Admittedly, PBS’ educational programming isn’t the only game in town. Amazon is doing some great things, with Tumble Leaf and Annedroids, even Creative Galaxy, impressing me considerably. I was also very proud to be part of the Peabody Award jury that acknowledged Disney Junior’s Doc McStuffins for its own work. So I don’t want to overstate: even if Sesame Workshop’s deal with HBO breaks the dam, not every good, educational, important kid’s show stands to be destroyed if PBS disappears or is further commercialized. There are enough inhabitants below that dam, though, that it’s reason to worry.
It’s easy, then, to get pissed off at Sesame Workshop for this move. Personally, though, I’m inclined to say that after all they’ve done for families with televisions around the world, and after being the dam that held back the GOP’s attack on PBS for so long, it’s hard to argue that they owe us even more. They earned a right to be selfish, to think about how they – not children’s educational programming or public broadcasting writ large – will remain afloat. If there’s someone to be angry at, therefore, it’s still (1) the GOP for forcing this hand; (2) PBS for never truly being what they should’ve been in the first place, and thus for requiring Sesame Workshop and Fred Rogers to protect them from successive rounds of attacks on their funding; and (3) generations of PBS’ well-to-do “viewers like you” for demanding more British period dramas instead of realizing the channel was never meant to be there to satisfy their bourgeois needs.

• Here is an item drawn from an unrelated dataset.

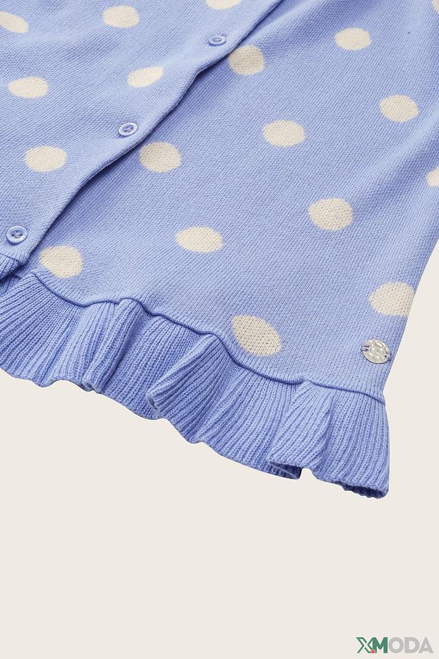 Кардиган имеет нежный голубой цвет, украшенный очаровательным принтом в белый горошек. Классический крой с длинными рукавами и застежкой на пуговицы делает его универсальным и подходящим для различных случаев. Декоративный манжет с рюшами добавляет образу игривости и кокетства.

A final thought on the deal, though, is about what this means for HBO. The jokes with which I began are so easy to pen because HBO’s brand identity and Sesame Street have seemed so distant from each other. HBO has put a lot of time and money into presenting themselves as the choice of discerning upper middle class adults. Indeed, a recent set of ads for HBO GO were clearly pitched at youth who thought themselves old enough for HBO’s parade of violence, sex, and profanity, and at parents hip and wise enough to realize that their kids weren’t kids any more. Thus, as much as the public discussion of this move has understandably focused on what the deal means for Sesame Street and for PBS, it’s interesting to consider this as a major shift in strategy for HBO. With the advent of HBO Now, HBO clearly has aspirations to become a premier streaming service. Netflix has its deal with Disney that will soon reap its greatest rewards; Amazon has its impressive slate of kids shows; and HBO has often had nothing remotely worthwhile for kids (Fraggle Rock ended 28 years ago). So for them to go out and buy the most famous kids show ever sends a loud message that they don’t just want to be for adults anymore. It may tell us that HBO has decided that being a streaming service heavyweight requires kids programming. Perhaps streaming services are the future and lifeblood of kid’s television; indeed, between this deal and Amazon’s interest in creating yet more high quality kids shows, clearly something is going on. But we should still worry about the coming flood that might wash away a great deal of what was PBS at its very best.